Pemerintah bertanggung jawab dalam melindungi dan melestarikan lingkungan laut.
Baca Juga: KKP Masih Verifikasi 66 Perusahaan yang Ajukan Izin Ekspor Pasir Laut
“Untuk itu negara hadir menertibkan, sebagai komitmen untuk mewujudkan ekologi sebagai panglima agar pengelolaan sumber daya kelautan ini bisa lestari dan sesuai peraturan. Kalau laut ini dikelola dengan baik, pemerintah bisa memastikan semuanya sesuai dengan peraturan yang ada, namun jika tidak sesuai, maka kami akan tertibkan,” ujarnya.

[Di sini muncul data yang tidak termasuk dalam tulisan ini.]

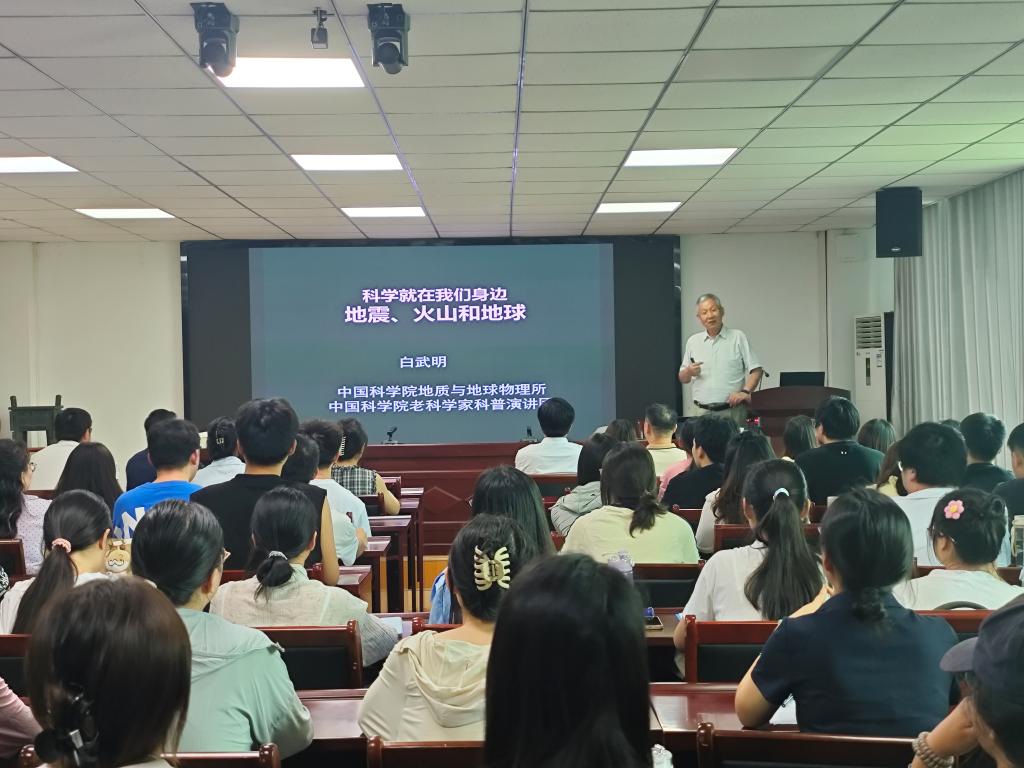 2025年6月9日,应信阳市科协和yL23411永利vip官网登录入口邀请,中国科学院地质与地球物理研究所白武明教授,于理科楼南楼410会议室为学院师生作了题为“科学就在我们身边——地震、火山和地球”的学术报告。信阳市科协党组成员、副主席张俊,信阳市老科协常务副会长兼秘书长张善伟、秘书处工作人员张冬梅,yL23411永利vip官网登录入口副院长颜俊、闫军辉,青年教师、研究生和本科生100余人参加报告会,会议由闫军辉主持。
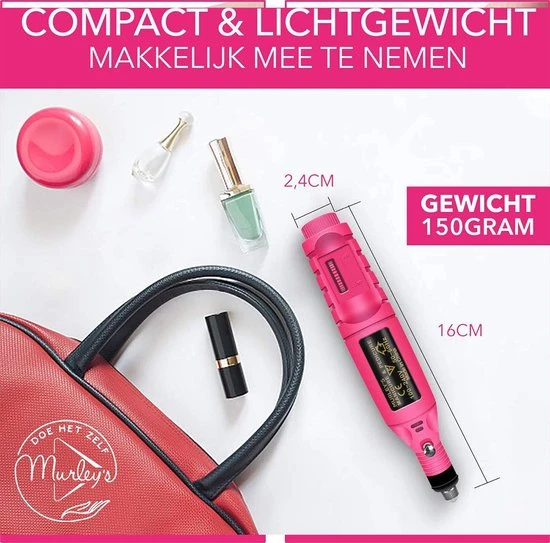 Met Murley?s elektrische nagelfrees kan je je nagels zelf met gemak vanuit thuis doen. Deze betaalbare nagelvijl is alles wat je nodig hebt voor zowel natuurlijke als kunstmatige nagels. De ideale manicure en pedicure set voor thuis. Bespaar tijd en geld met deze doe-het-zelf nagelfrees!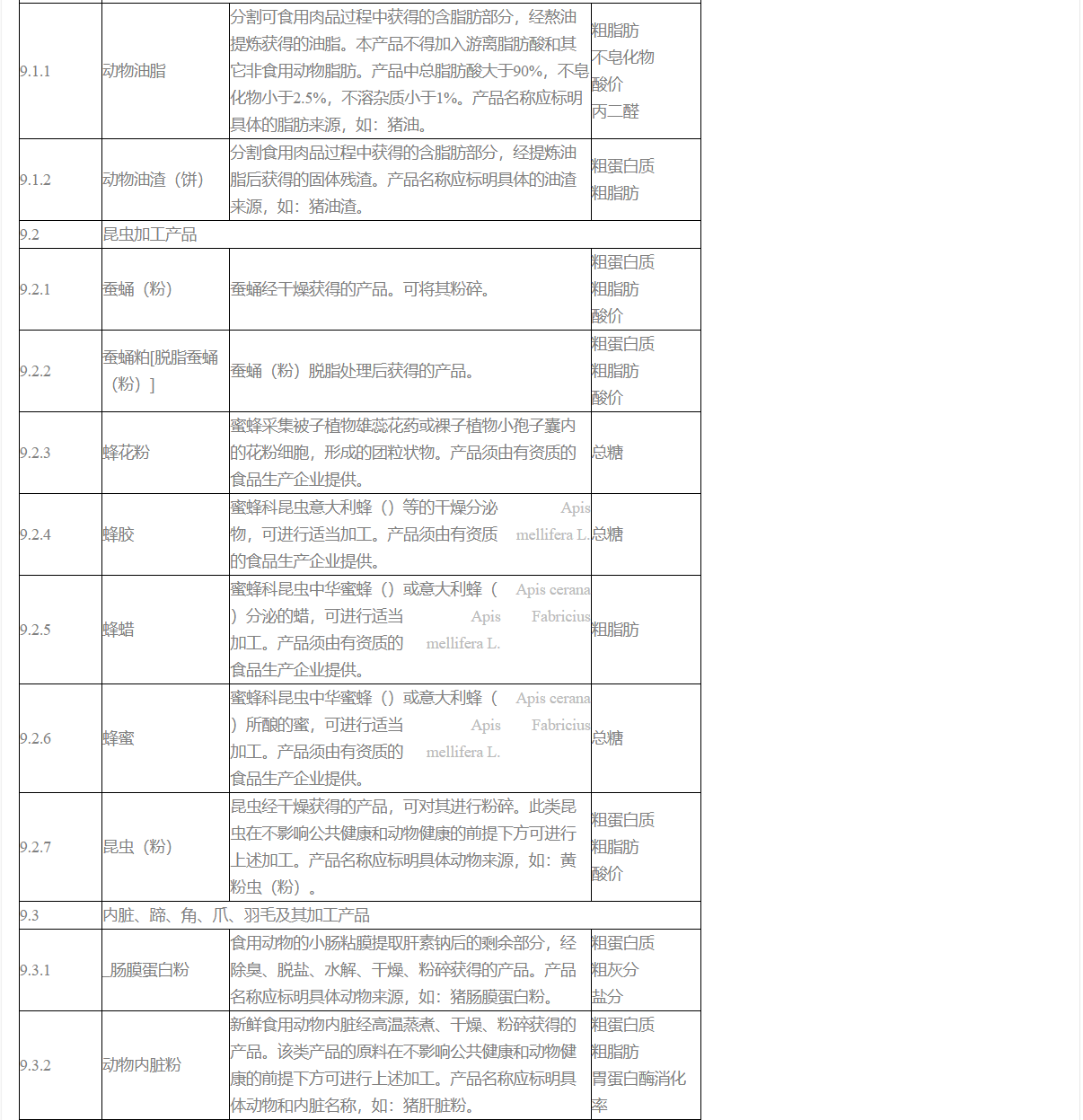 4. 肉粉、肉骨粉、骨粉(粒)、酸化骨粉、脫膠骨粉、明膠、骨膠原蛋白、動(dòng)物內(nèi)臟粉、禽爪皮粉、水解蹄角粉、腸膜蛋白粉、膨化羽毛粉、水解羽毛粉、水解畜毛粉、血粉、水解血粉、噴霧干燥血漿蛋白粉、噴霧干燥血球蛋白粉、水解血球蛋白粉、水解珠蛋白粉、血紅素蛋白粉、蛋粉、蛋黃粉、蛋清粉、蛋殼粉、動(dòng)物油脂、動(dòng)物油渣(粉)、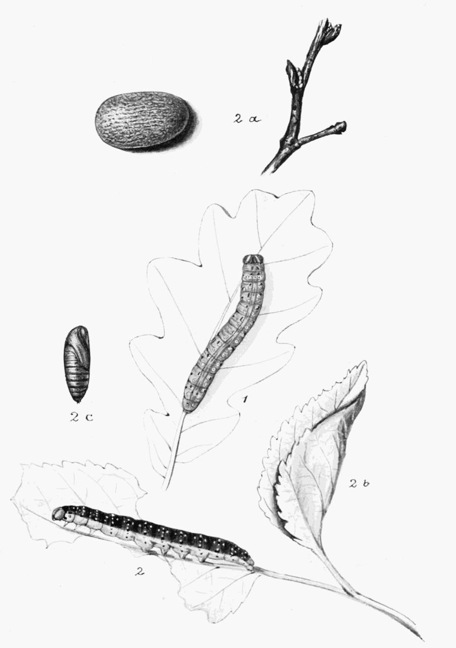 Sallow, willow, and apple are the more general food plants, but poplar and privet have been reported. I have sometimes found the larva on Salix repens, and also on crab-apple (Pyrus malus). It may be found in July and August. In some years, when the moths emerge in May, caterpillars are found as early as June, and this is followed by the occurrence of the caterpillar again, as a second brood, in August and September. When quite mature the caterpillar enters an inch or two into the soil, and there forms a weak sort of cell in which it shortly afterwards turns to a brown, or blackish-brown, smooth and {24}rather glossy chrysalis. The early stages are figured on Plate 6.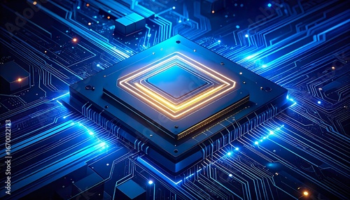 Circuit board with glowing microchip and blue light effects showcasing advanced technology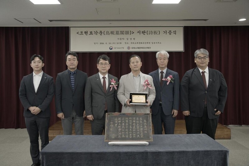 국가유산청과 국외소재문화유산재단은 19일 일본에서 고미술 거래업체 '청고당'을 운영하는 김강원 씨로부터 '조현묘각운'(鳥峴墓閣韻) 시판을 기증받았다고 밝혔다.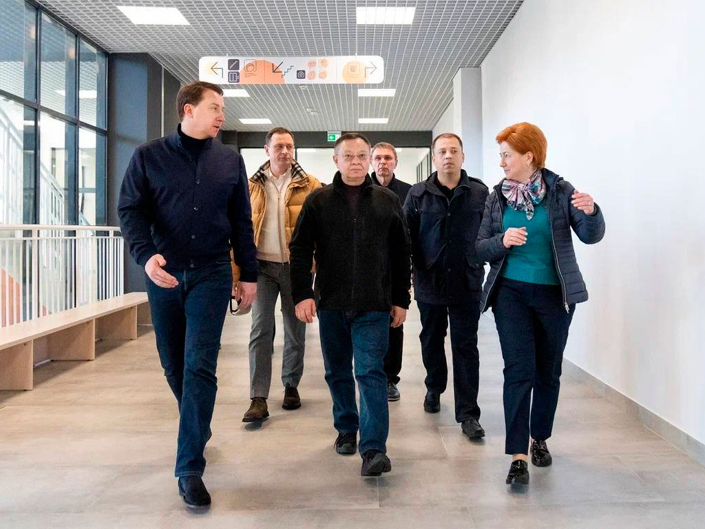 В микрорайоне Министерские озера министр посетил новую школу на 1100 мест. Здесь на площади 30 тысяч квадратных метров расположены актовый зал, три спортивных зала, медицинский пункт, столовая, библиотека и современные классы для учебных занятий. Кроме того, в проекте применено уникальное техническое решение – на эксплуатируемой кровле организовано прогулочное пространства.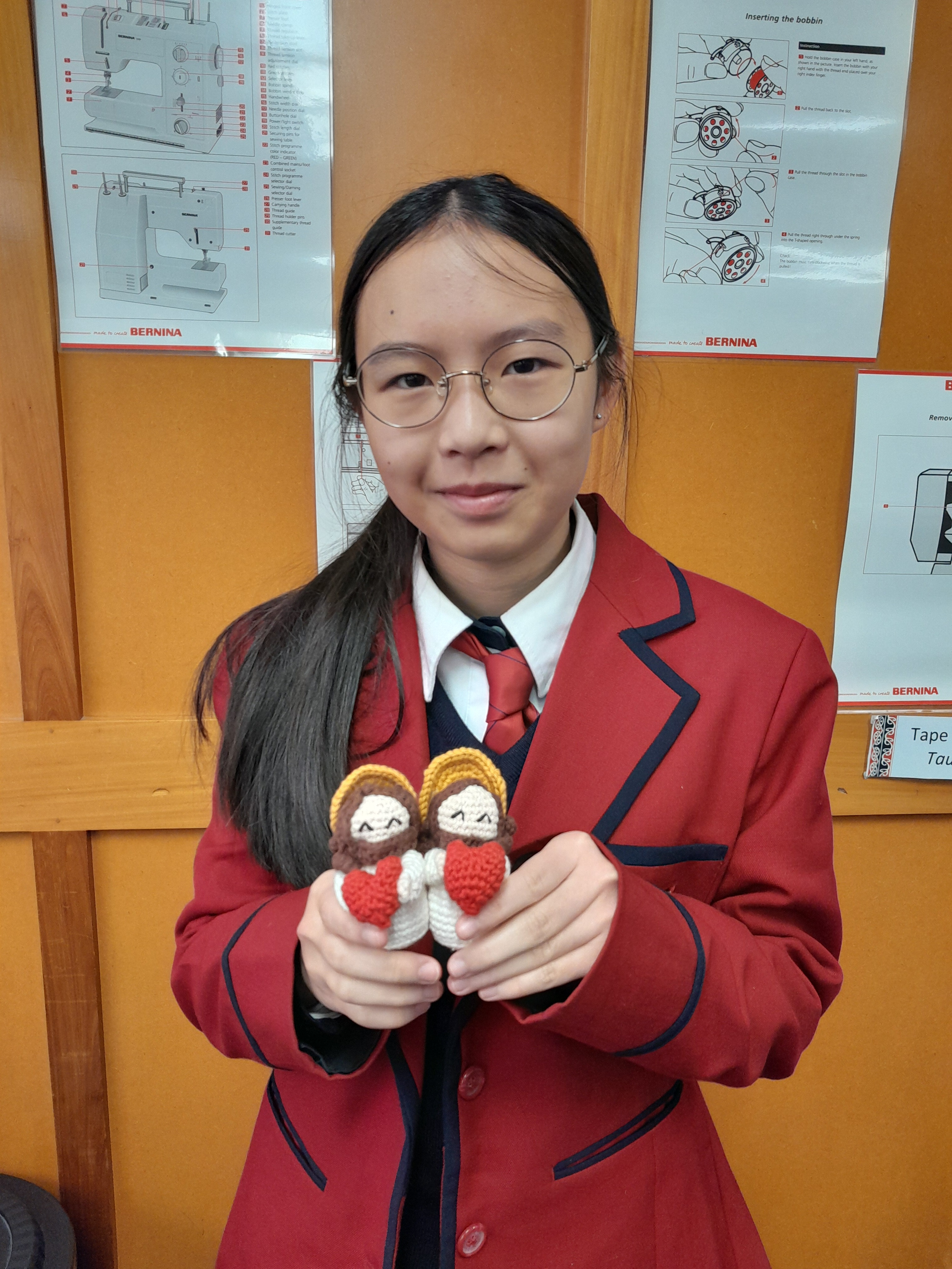 Megumi Toh, a Level 1 Textiles student, has recently finished crocheting these palm-sized representations of the 'Most Sacred Heart of Jesus.' As part of her involvement in the Duke of Edinburgh Award program in Crafts, Megumi was pleased to contribute to this project for Father Hook. Her skills are truly commendable!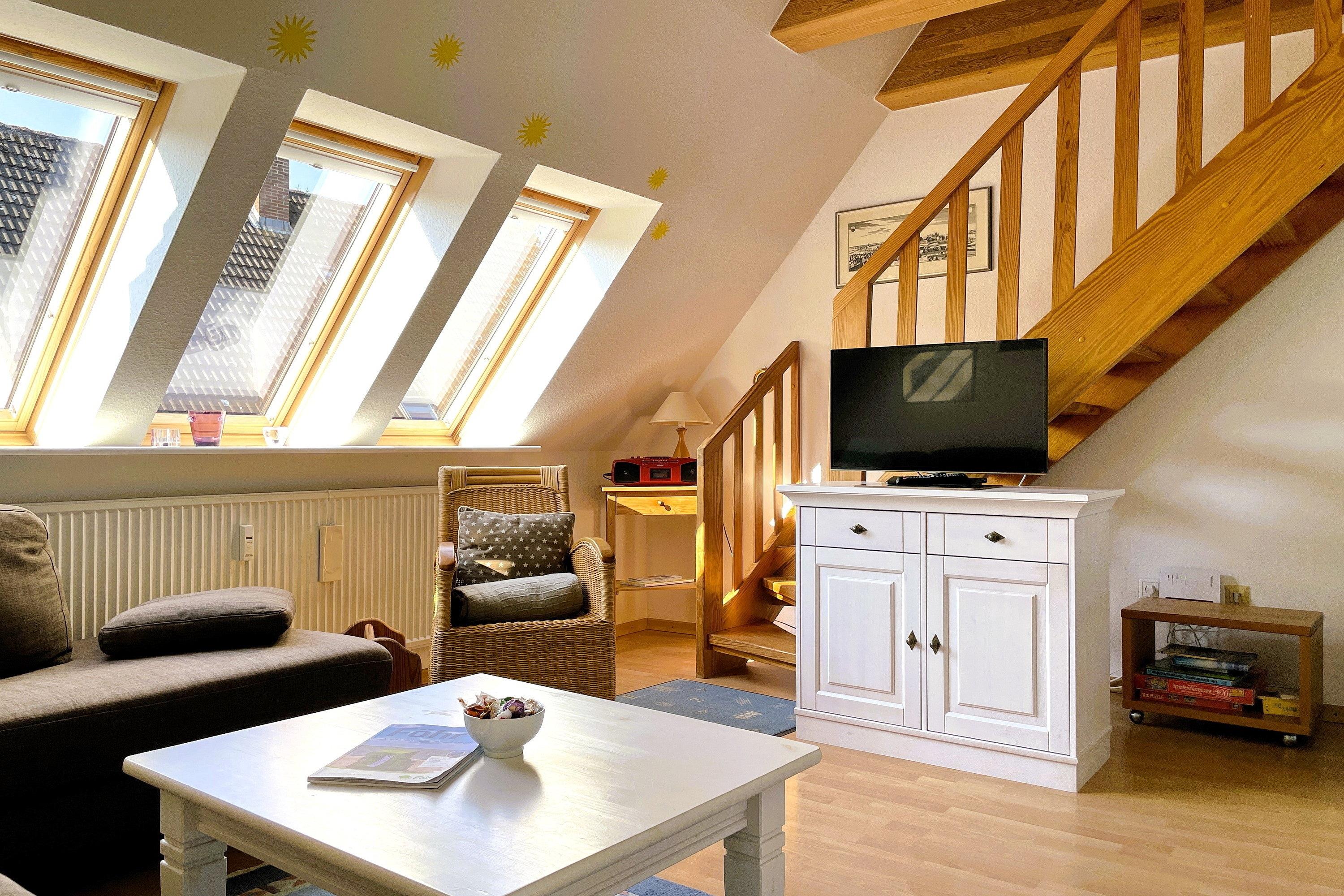 Nur wenige Metern entfernt vom beliebten Wyker Südstrand befindet sich in der Gmelinstraße diese hübsch eingerichtete Wohnung mit offener Schlafgalerie.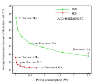 ͼ±í£ºÏàͬ¹¦ºÄÏÂÒºÀäµç³Ø°üµÄ×î¸ßζȱȷçÀäµÍ3-5¡æ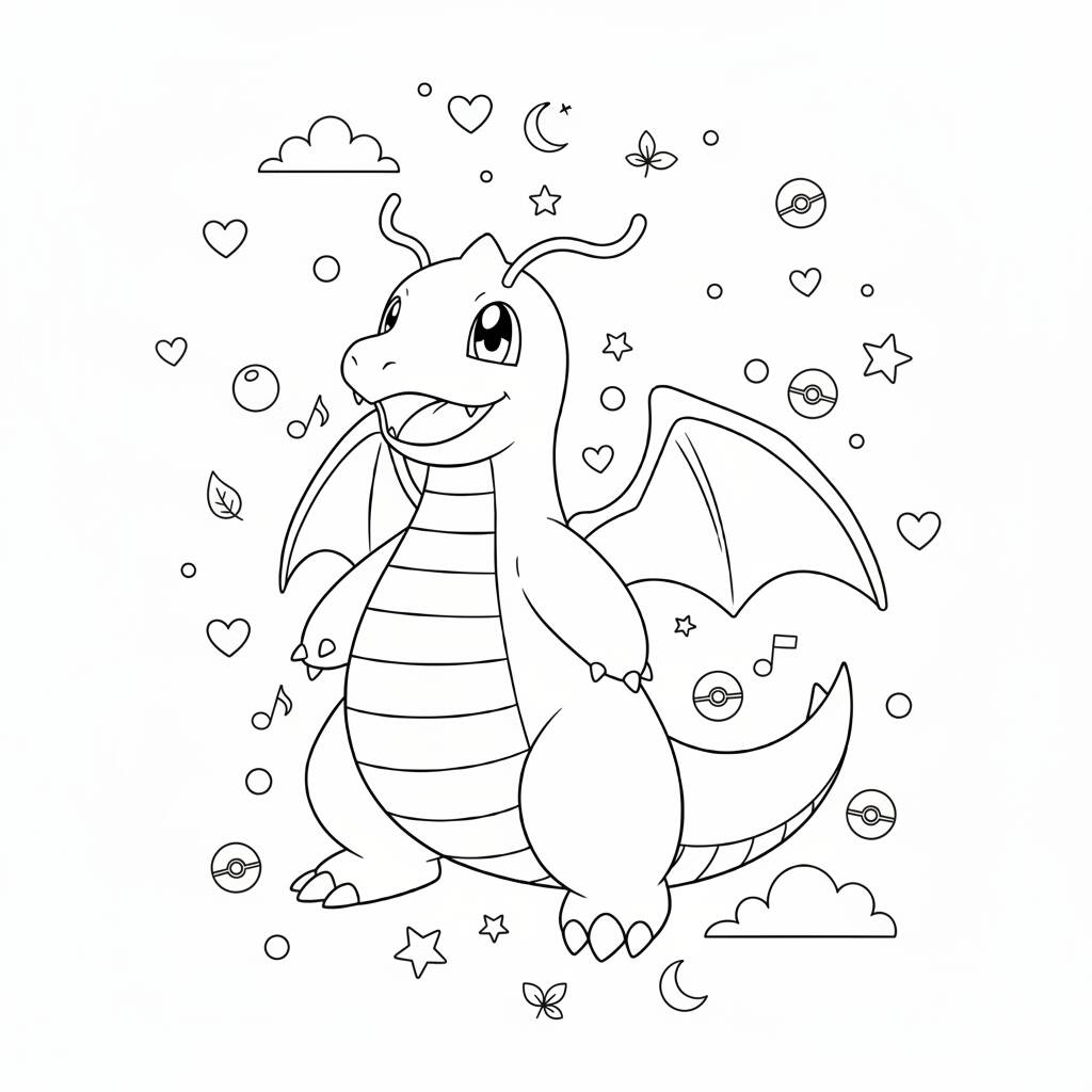 Pokémon Dragonite coloring page, ideal for fans and craft lovers.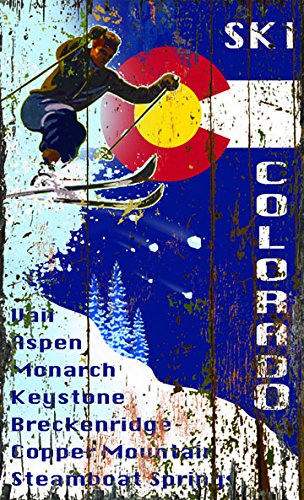 Old Vintage Signs "Ski Flag Colorado" Vintage Sign, 15-Inch by 26-Inch

Ipunk menjabarkan bahwa saat dilakukan pemeriksaan, MV YC 6 berukuran 8012 gross tonnage (GT) dan MV ZS 9 berukuran 8559 GT terindikasi melakukan penambangan pasir laut di wilayah Indonesia tidak sesuai dengan aturan dan ketentuan.
Hal tersebut merupakan hasil treking dan bisa dibuktikan kepada masyarakat ternyata ada kapal-kapal asing yang diduga melakukan pencurian pasir laut di wilayah Indonesia.
“Menurut pengakuan Nakhoda, mereka sering sekali masuk ke wilayah Indonesia. Bahkan dalam satu bulan bisa mencapai 10 kali masuk ke sini (Indonesia), tanpa dilengkapi dokumen perizinan yang sah. Bahkan tidak punya dokumen kapal, yang ada hanya ijazah nakhoda dan akta kelahiran,” ujarnya.
Di kapal penghisap pasir yang membawa 10 ribu meter kubik pasir itu terdapat 16 orang Anak Buah Kapal (ABK). Rinciannya, 2 orang WNI, 1 orang warga Malaysia, dan 13 warga negara RRT 13.
“Mereka menghisap pasir selama 9 jam mendapat 10 ribu (meter kubik) yang dilakukan selama 3 hari dalam satu kali perjalanan. Kapal ini dalam satu bulan bisa 10 kali masuk ke sini. Artinya dalam satu bulan kapal ini mampu mencuri 100.000 meter kubik pasir laut Indonesia,” katanya.
Baca Juga: Kebijakan Ekspor Pasir Laut Dikhawatirkan Picu Pengangguran Nelayan
Pada kesempatan yang sama, Direktur Jenderal Pengelolaan Kelautan dan Ruang Laut, Kementerian Kelautan dan Perikanan (KKP), Viktor Gustaaf Manoppo menjelaskan sampai saat ini, dalam PP 26 tahun 2023 tentang pengelolaan hasil sedimentasi belum ada satupun izin yang dikeluarkan pemerintah.
“Secara regulasi, KKP belum mengeluarkan satu lembar izin kepada siapapun. Terkait operasional pengelolaan hasil sedimentasi. Estimasi total potensi kerugian negara bila dihitung dari kegiatan ini dalam satu tahun, 100.000 meter kubik dikali 12 bulan apabila dibawa pasir tersebut diekspor keluar, totalnya dapat mencapai ratusan miliar per tahun kerugian negara, Ini baru sumber daya kelautan (pasir laut) belum lagi perizinan yang lainnya mungkin bisa lebih dari itu,” katanya.